No entendía nada. Sólo sabía que ya no gozaba
de los mimos y caricias, de los continuos cuidados del niño que fuera hasta hace un mes su
compañero inseparable de juegos. Aquel día ya lejano, la desesperación y el
llanto se reflejaba en los rostros de toda la familia. El rostro del niño sin
embargo, carecía de expresión. Yacía inerte en el interior de una caja, la
misma caja que más tarde depositaron al pie del magnolio del jardín, un metro
bajo tierra.
Desde entonces, no había vuelto a verlo.
Obsesionado, se había olvidado de jugar, tambien de comer. Se pasaba el día, preso de una enorme curiosidad por entender su
ausencia, arañando la tierra, esa tierra donde vió desaparecer el cuerpo de su
amigo. ¿Acaso se había olvidado de él? ¿Volvería alguna vez a verlo?. ¿Con quien jugaría ahora?.
Noche cerrada. Desde su atalaya, encaramado
al tejado, sus ojos de gato acostumbrados a la oscuridad vigilaban, como todas
las noches, el sitio donde su amigo
descansaba, con la esperanza de verlo aparecer. De repente, una extraña
fosforescencia que emergía de la tierra, de esa tierra, excitó su curiosidad hasta
el punto de acercarse venciendo sus temores.
Tal vez debió haber ignorado su natural
curiosidad.
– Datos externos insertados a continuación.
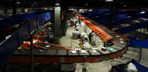 在卸车垛口处,来自全国各地的邮件正在卸车。一条条传送带犹如立交桥般在场地内蜿蜒延伸,一件件包裹经过入口处自动扫描后,搭上传送带不断地向前输送。通过智能分拣设备自动扫描识别系统,邮件被有条不紊地快速分拣、装车,争取尽快到达广大常州市民手中。
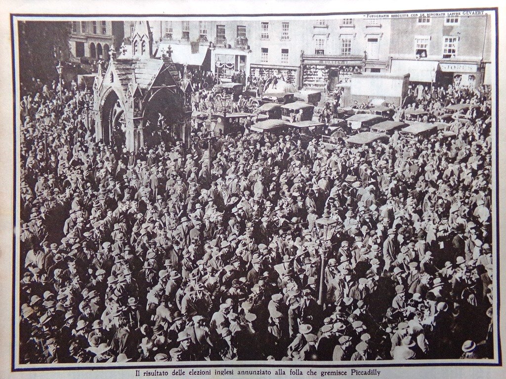Il risultato delle elezioni inglesi annunziato alla folla che gremisce Piccadilly

De la tierra surgieron dos manos que atenazaron su garganta. Al día
siguiente, lo encontraron muerto. En su garganta, surcos sanguinolentos que
terminaban allí donde sus pequeñas garras gatunas se hundían en la carne. Un centímetro más abajo, una marca rojiza, como
si un dogal se hubiera ceñido a su garganta hasta asfixiarlo.
Lo enterraron junto a su compañero de juegos.
A veces, en las noches cerradas, dos pequeñas fosforescencias iluminan el
tronco del magnolio mientras de fondo se escuchan maullidos y risas infantiles.